上記のアーキテクチャは、AWS JAPANがサンプルとして公開している、AWS上にセルフホストされたDifyのアーキテクチャです。参考としてLanggenius社が公開しているDify on AWSの一般的なアーキテクチャも以下に示します。

引用）https://github.com/langgenius/aws-cdk-for-dify

1. フロントエンドとロードバランシング

• ユーザーからのリクエストはまずALB (Application Load Balancer)（複数のサーバーにトラフィックを分散させるサービス）を通じてDifyの各サービスにルーティングされます。例えば、ユーザーがWebブラウザでDifyのURLにアクセスすると、ALBがそのリクエストを受け取り、適切なDifyサービスへ振り分けます。 オプションでACM (AWS Certificate Manager)（SSL/TLS証明書を管理するサービス）を利用してTLS通信を暗号化します。（図中の「Application Load Balancer」を参照）

2. Difyサービス群

• Dify Web Service: ユーザーインターフェースを提供します。
• Dify API / Sandbox Service: Difyアプリケーションの主要なAPIロジック、プロンプト処理、外部LLMとの連携などを担当します。ユーザーがメッセージを送信したり、ナレッジベースから情報を検索したりする際に、このサービスが中核的な処理を行います。
• Dify Worker Service: バックグラウンド処理や非同期タスクを実行します。例えば、ナレッジベースに大量のドキュメントをアップロードした際、そのエンベディング処理をこのサービスが非同期で担当します。 これらのサービスは ECS Fargate（サーバーの管理なしでコンテナアプリケーションを実行できるサービス）上で稼働します。

3. ストレージとキュー

• S3 Bucket: ナレッジベースの元ファイルや静的アセットを保存します。ユーザーがPDFやテキストファイルをナレッジベースとしてDifyにアップロードすると、それらのファイルがS3に格納されます。
• RDS Aurora Postgres Cluster: ユーザーの会話履歴、アプリケーション設定、エンべディング化されたナレッジデータなどを保存します。
• ElastiCache Redis: セッション情報や一時的なキャッシュデータを保存します。

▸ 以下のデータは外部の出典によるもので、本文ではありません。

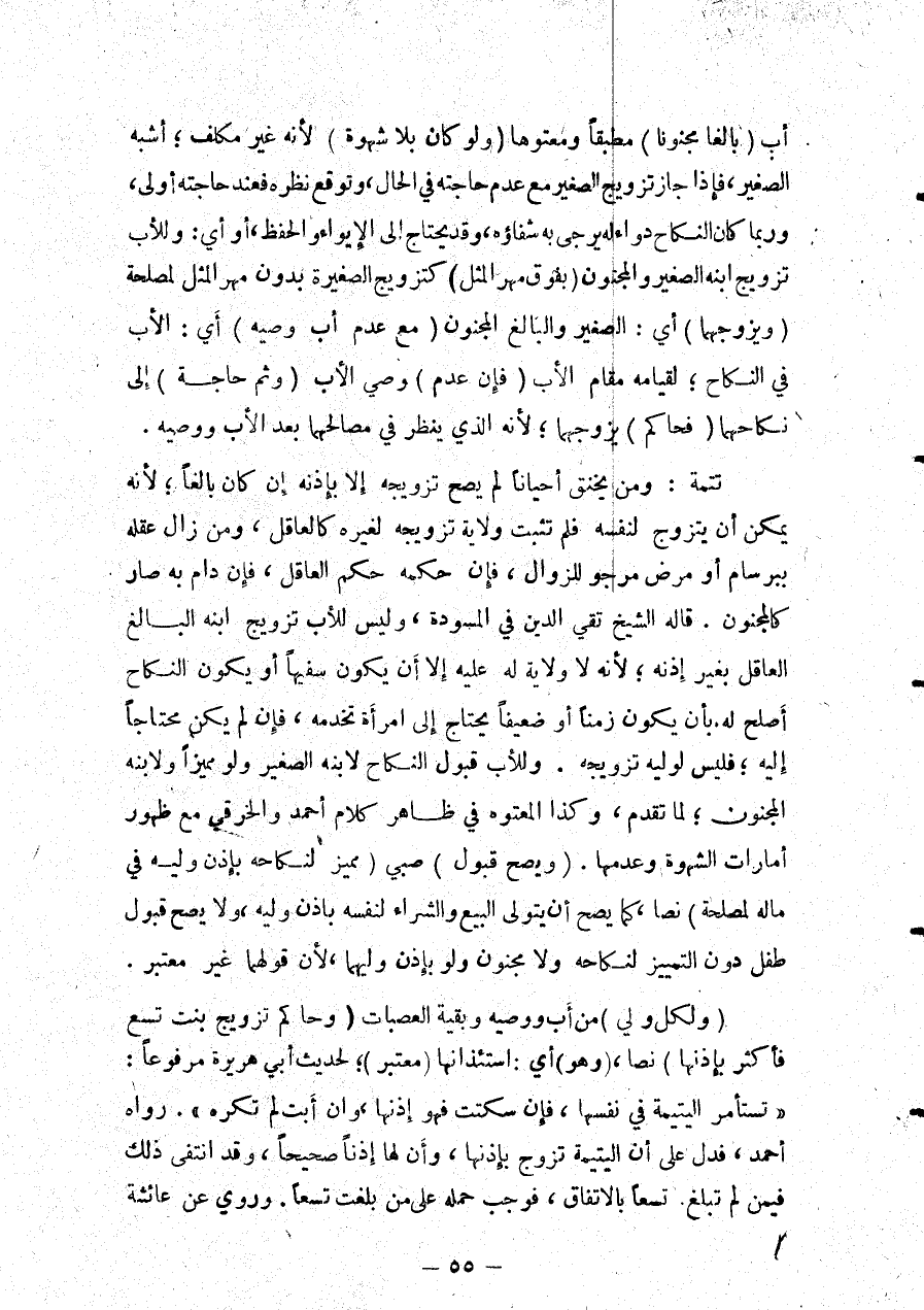 : وَمَنْ يُخْنَقُ أَحْيَانًا لَمْ يَصِحَّ تَزْوِيجُهُ إلَّا بِإِذْنِهِ إنْ كَانَ بَالِغًا؛ لِأَنَّهُ يُمْكِنُ أَنْ يَتَزَوَّجَ لِنَفْسِهِ فَلَمْ تَثْبُتْ وِلَايَةُ تَزْوِيجِهِ لِغَيْرِهِ كَالْعَاقِلِ، وَمَنْ زَالَ عَقْلُهُ بِبِرْسَامٍ أَوْ مَرَضٍ مَرْجُوٍّ لِلزَّوَالِ، فَإِنَّ حُكْمَهُ حُكْمُ الْعَاقِلِ، فَإِنْ دَامَ بِهِ صَارَ كَالْمَجْنُونِ. قَالَهُ الشَّيْخُ تَقِيُّ الدِّينِ فِي الْمُسَوَّدَةِ، وَلَيْسَ لِلْأَبِ تَزْوِيجُ ابْنِهِ الْبَالِغِ الْعَاقِلِ بِغَيْرِ إذْنِهِ؛ لِأَنَّهُ لَا وِلَايَةَ لَهُ عَلَيْهِ إلَّا أَنْ يَكُونَ سَفِيهًا أَوْ يَكُونَ النِّكَاحُ أَصْلَحَ لَهُ بِأَنْ يَكُونَ زَمِنًا أَوْ ضَعِيفًا يَحْتَاجُ إلَى امْرَأَةٍ تَخْدُمُهُ، فَإِنْ لَمْ يَكُنْ مُحْتَاجًا إلَيْهِ؛ فَلَيْسَ لِوَلِيِّهِ تَزْوِيجُهُ. وَلِلْأَبِ قَبُولُ النِّكَاحِ لِابْنِهِ الصَّغِيرِ وَلَوْ مُمَيِّزًا وَلِابْنِهِ الْمَجْنُونِ؛ لِمَا تَقَدَّمَ، وَكَذَا الْمَعْتُوهُ فِي ظَاهِرِ كَلَامِ أَحْمَدَ وَالْخِرَقِيِّ مَعَ ظُهُورِ أَمَارَاتِ الشَّهْوَةِ وَعَدَمِهَا.

ユーザー入力データ（チャットメッセージ）の追跡とデータの所在

ユーザーがDifyアプリケーションにチャットメッセージを入力した際に、そのデータがどのようにシステムを通過し、どこに存在するのかを順を追って説明いたします。表の後にダイアグラムを示しました。具体的なフローのイメージはそちらをご覧ください。また、利用するサービスは要件次第で異なります。あくまで一例ですので、ご注意ください。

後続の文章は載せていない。